ACPA QOL состоит из 10 возможных значений от 0 до 10, где 0 означает «не работает», а 10 — «нормальное качество жизни».
|
Исходный уровень, месяц 1 (день 7)
|
Изменение показателя ACPA QOL по сравнению с исходным уровнем по сравнению со вторым месяцем
Временное ограничение: Исходный уровень, 2-й месяц (7-й день)
|
ACPA QOL представляет собой опросник для самостоятельного заполнения, измеряющий функциональные возможности людей, страдающих от боли, который рассматривает способность функционировать, а не только боль, и предназначен для измерения уровней активности.
ACPA QOL состоит из 10 возможных значений от 0 до 10, где 0 означает «не работает», а 10 — «нормальное качество жизни».
|
Исходный уровень, 2-й месяц (7-й день)
|
Изменение оценки ACPA QOL через 3 месяца
Временное ограничение: Исходный уровень, 3-й месяц (7-й день)
|
ACPA QOL представляет собой опросник для самостоятельного заполнения, измеряющий функциональные возможности людей, страдающих от боли, который рассматривает способность функционировать, а не только боль, и предназначен для измерения уровней активности.
ACPA QOL состоит из 10 возможных значений от 0 до 10, где 0 означает «не работает», а 10 — «нормальное качество жизни».
|
Исходный уровень, 3-й месяц (7-й день)
|
Изменение оценки ACPA QOL через 6 месяцев
Временное ограничение: Исходный уровень, 6-й месяц
|
ACPA QOL представляет собой опросник для самостоятельного заполнения, измеряющий функциональные возможности людей, страдающих от боли, который рассматривает способность функционировать, а не только боль, и предназначен для измерения уровней активности.
ACPA QOL состоит из 10 возможных значений от 0 до 10, где 0 означает «не работает», а 10 — «нормальное качество жизни».
|
Исходный уровень, 6-й месяц
|
Изменение оценки ACPA QOL на 12-м месяце
Временное ограничение: Исходный уровень, месяц 12
|
ACPA QOL представляет собой опросник для самостоятельного заполнения, измеряющий функциональные возможности людей, страдающих от боли, который рассматривает способность функционировать, а не только боль, и предназначен для измерения уровней активности.
ACPA QOL состоит из 10 возможных значений от 0 до 10, где 0 означает «не работает», а 10 — «нормальное качество жизни».
|
Исходный уровень, месяц 12
|
Соавторы и исследователи
Соавторы
Следователи
- Главный следователь: Richard Semelka, MD, University of North Carolina, Chapel Hill
Даты записи исследования
Изучение основных дат
Начало исследования
Первичное завершение (Действительный)
Завершение исследования (Действительный)
Даты регистрации исследования
Первый отправленный
Впервые представлено, что соответствует критериям контроля качества
Первый опубликованный (Оценивать)
Обновления учебных записей
Последнее опубликованное обновление (Действительный)

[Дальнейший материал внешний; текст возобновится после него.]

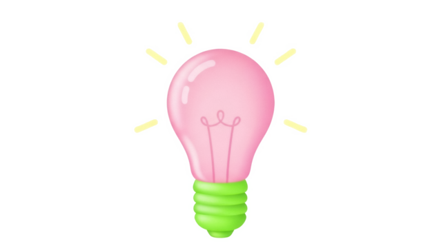 Pink light bulb PNG isolated on transparent background, creative idea concept for innovation and inspiration, cartoon style

Последнее отправленное обновление, отвечающее критериям контроля качества
Последняя проверка
Дополнительная информация
Термины, связанные с этим исследованием
Ключевые слова
Дополнительные соответствующие термины MeSH
- Психические расстройства
- Кожные заболевания
- Боль
- Неврологические проявления
- Нейрокогнитивные расстройства
- Заболевания суставов
- Заболевания опорно-двигательного аппарата
- Когнитивные расстройства
- Нарушения пигментации
- Артралгия
- Когнитивная дисфункция
- Головная боль
- Гиперпигментация
- Физиологические эффекты лекарств
- Молекулярные механизмы фармакологического действия
- Защитные агенты
- Микроэлементы
- Микроэлементы
- Агенты сохранения плотности костей
- Кальций-регулирующие гормоны и агенты
- Антикоагулянты
- Противоядия
- Хелатирующие агенты
- Секвестрирующие агенты
- Железохелатирующие агенты
- Хелатирующие агенты кальция
- Кальций
- Кальций, Диетический
- Эдетиновая кислота
- Пентетиновая кислота
- Цинк
Другие идентификационные номера исследования
- 16-1080
Планирование данных отдельных участников (IPD)
Планируете делиться данными об отдельных участниках (IPD)?
Эта информация была получена непосредственно с веб-сайта clinicaltrials.gov без каких-либо изменений. Если у вас есть запросы на изменение, удаление или обновление сведений об исследовании, обращайтесь по адресу register@clinicaltrials.gov. Как только изменение будет реализовано на clinicaltrials.gov, оно будет автоматически обновлено и на нашем веб-сайте. .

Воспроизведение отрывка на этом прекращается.